North Italian Church Music in the Age of Monteverdi
- Title page for North Italian Church Music in the Age of Monteverdi (1984)
- Author: Jerome Roche
- Language: English
- Series: Oxford Monographs on Music
- Genre: Non-fiction
- Publisher: Clarendon Press
- Publication date: 1984
- Publication place: United Kingdom

= North Italian Church Music in the Age of Monteverdi =

1984 book by Jerome Roche

North Italian Church Music in the Age of Monteverdi is a 1984 book by British musicologist Jerome Roche, published by Clarendon Press, as part of their "Oxford Monographs on Music" series.

==Content==
North Italian Church Music presents an overview of sacred music published by Venetian printing houses in the first half of the seventeenth century. In contrast with many assessments of the period, which focus on the works of Claudio Monteverdi and Giovanni Gabrieli, the book highlights particularly the contributions of composers who are less familiar to modern audiences, such as Ignazio Donati, Alessandro Grandi and Giovanni Rovetta. Many of the pieces that Roche discusses were not available in modern editions at the time the book was published, meaning the inclusion of a larger quantity of illustrative examples than other similar works.

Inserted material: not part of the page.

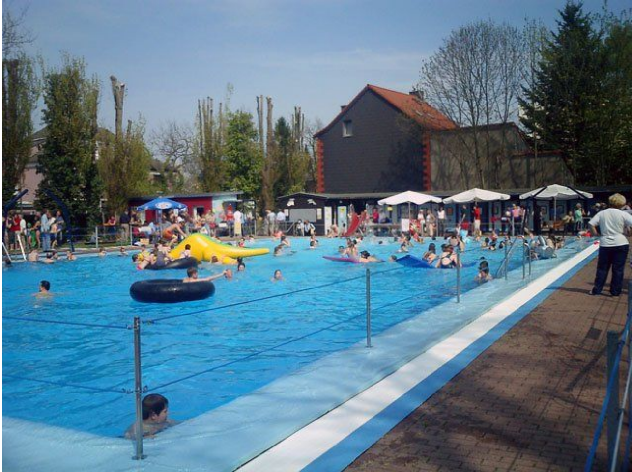
Düsseldorf's kleinstes Freibad: „Flossen Weg“ in Kaiserswerth

Öffnungszeiten: Montag, Mittwoch und Freitag von 07:00 bis 20:00 Uhr ; Dienstag, Donnerstag, Samstag und Sonntag

The first section of the book provides a historical and social context for the later chapters. Roche gives an overview of the church's attitude towards changes in musical styles around the turn of the seventeenth century, discusses the musical institutions connected with sacred music, and explores the use of liturgy in motets.

The subsequent four chapters discuss specific works composed between 1605 and 1643, with each chapter focussed on works for a different number of voices. Chapter V discusses pieces for one to three voices, Chapter VI those for four to six voices, and Chapter VII and VIII those for seven or more voices. The book concludes with a short survey of developments during the rest of the seventeenth century.

==Background and publication==
The book has its origins in Jerome Roche's 1968 PhD dissertation, which was supervised by Denis Arnold at Cambridge University. It was published by Clarendon Press (an imprint of Oxford University Press), as part of their "Oxford Monographs on Music" series.

==Reception==
Jonathan Glixon, writing in Renaissance Quarterly, praised the book, commenting that it would have a particular value "when the fascinating music discussed by Professor Roche becomes more readily available in print and in recordings". Glixon considered the final chapter of the introduction to be the "best discussion in print of the role of liturgical texts in motets".